** Opening DATASET EXTRACT block **

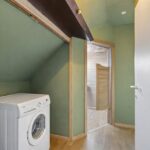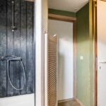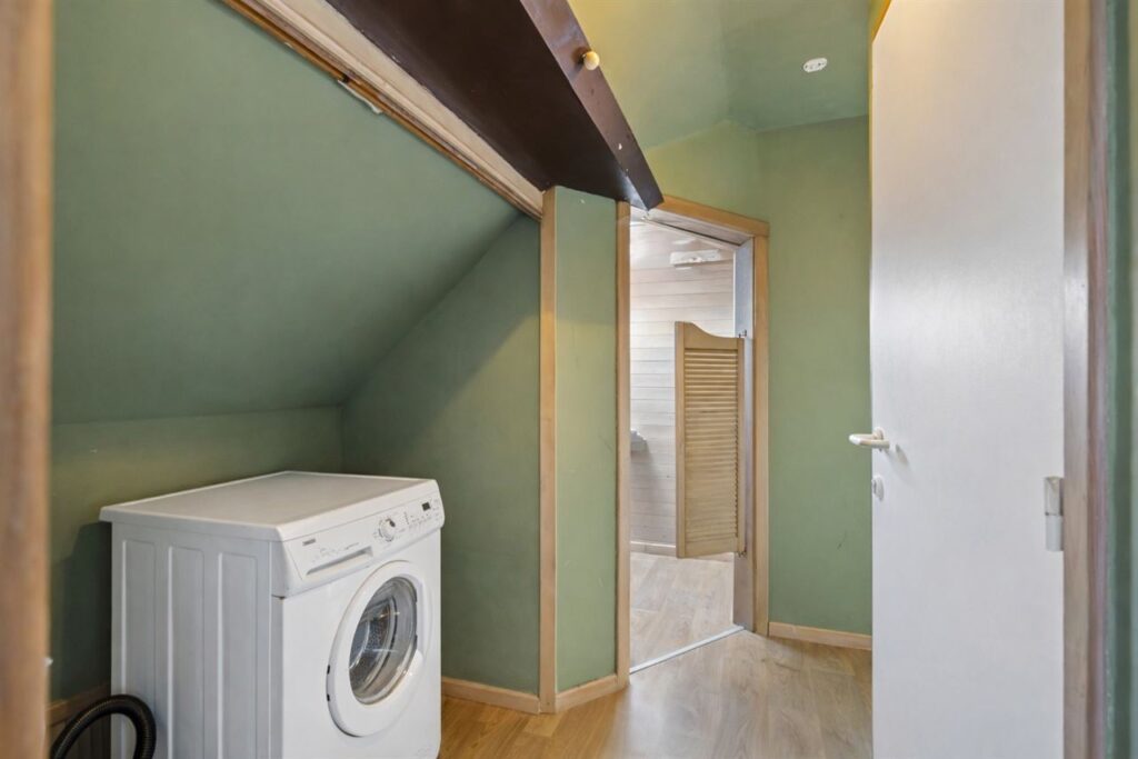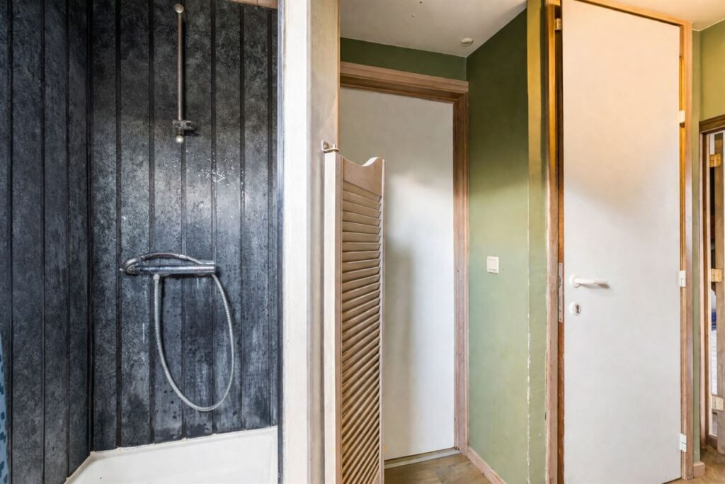 Centraal bevindt zich de badkamer, uitgerust met douche, toilet en aansluitingen voor wasmachine en droogkast.
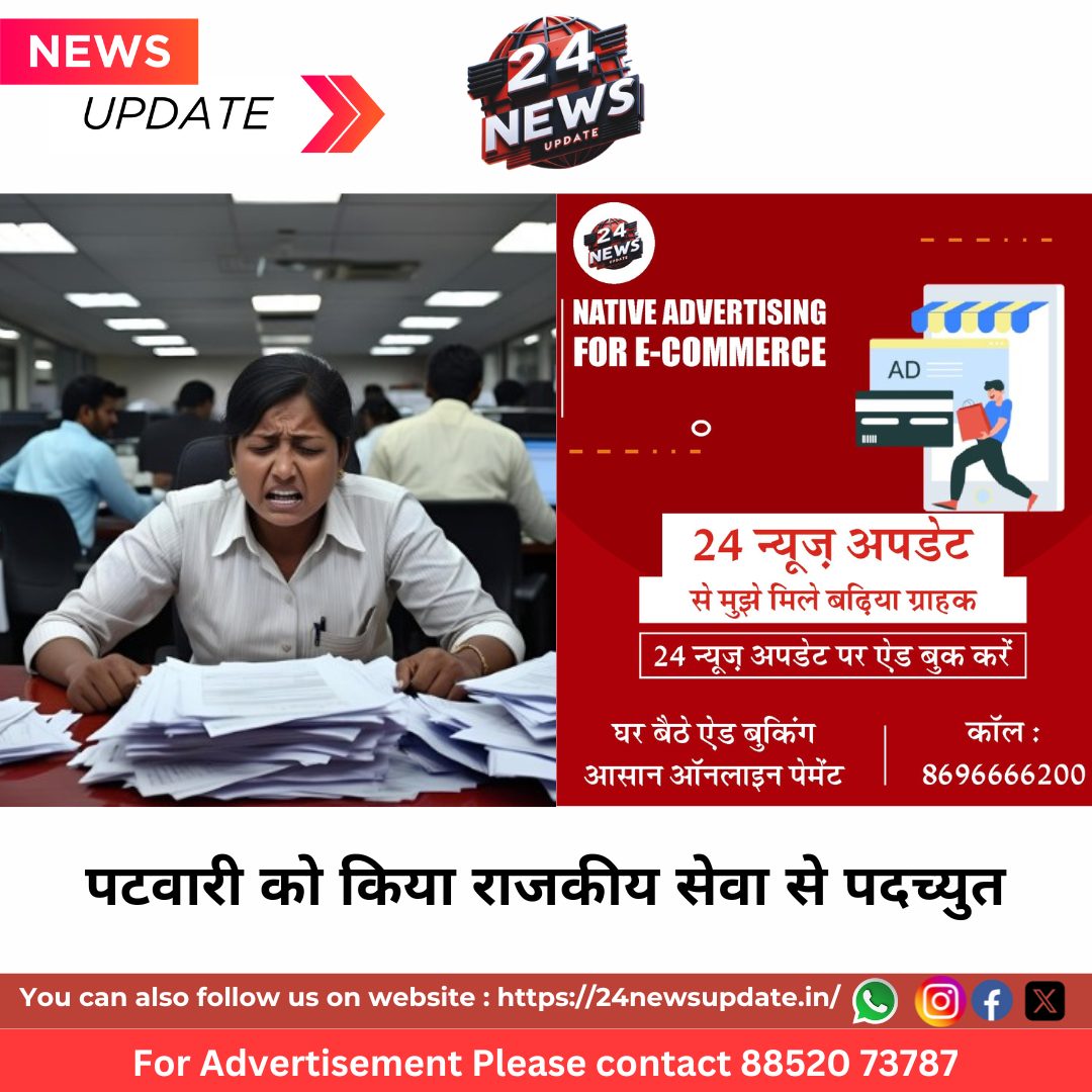 24 न्यूज अपडेट, श्रीगंगानगर। पटवारी सुभाष चन्द्र चालिया निवासी बीकानेर तत्कालीन पटवार मंडल कुचौर अगुणी अतिरिक्त प्रभार कुचौर आथुणी तहसील नोखा बीकानेर व वर्तमान पदस्थापन 40 पीएस तहसील रायसिंहनगर जिला गंगानगर को 28 अप्रैल 2025 को राज्य सेवा से पदच्युत (डिसमिस) कर दिया गया है।
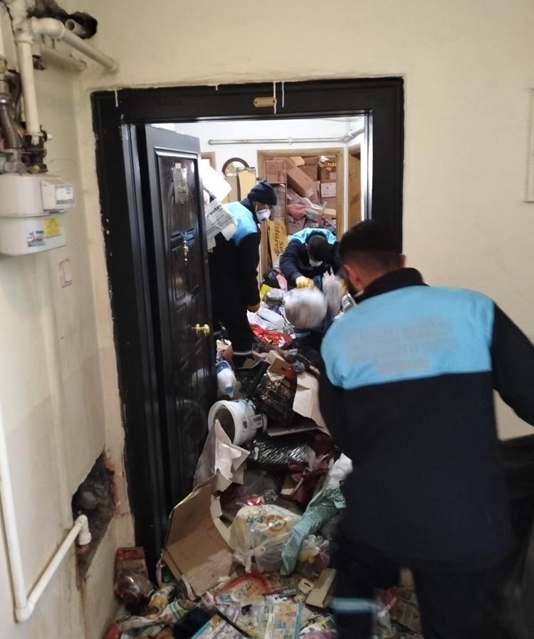 Belediye ekipleri 3 gün boyunca süren çöp boşaltma çalışmasının sona ermesinin ardından daireyi ilaçlayarak M.A.’nın yakınlarına teslim edecek.
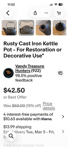I have a rusty cast-iron kettle pot used for steamers in old stoves. Asking $50
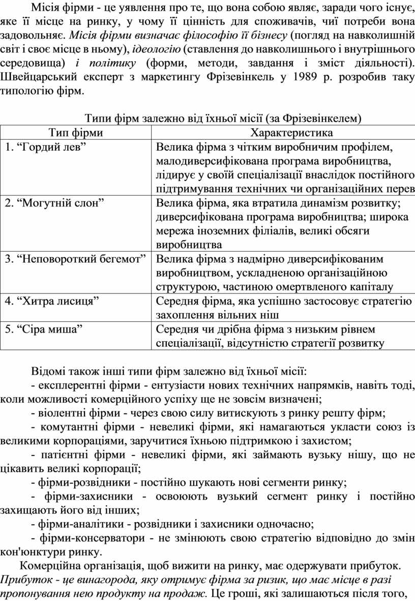 Місія фірми - це уявлення про те, що вона собою являє, заради чого існує, яке її місце на ринку, у чому її цінність для споживачів, чиї потреби вона задовольняє. Місія фірми визначає філософію її бізнесу (погляд на навколишній світ і своє місце в ньому), ідеологію (ставлення до навколишнього і внутрішнього середовища) і політику (форми, методи, завдання і зміст діяльності). Швейцарський експерт з маркетингу Фрізевінкель у 1989 р. розробив таку типологію фірм.

** Closing DATASET EXTRACT block **

* WORK TASK
The answer should consist only of the lines above from the one with "Belediye ekipleri 3" through the one with "I have a rusty", repeated exactly, with no pictures among them.

* SOLUTION TO THE PROBLEM
 Belediye ekipleri 3 gün boyunca süren çöp boşaltma çalışmasının sona ermesinin ardından daireyi ilaçlayarak M.A.’nın yakınlarına teslim edecek.
I have a rusty cast-iron kettle pot used for steamers in old stoves. Asking $50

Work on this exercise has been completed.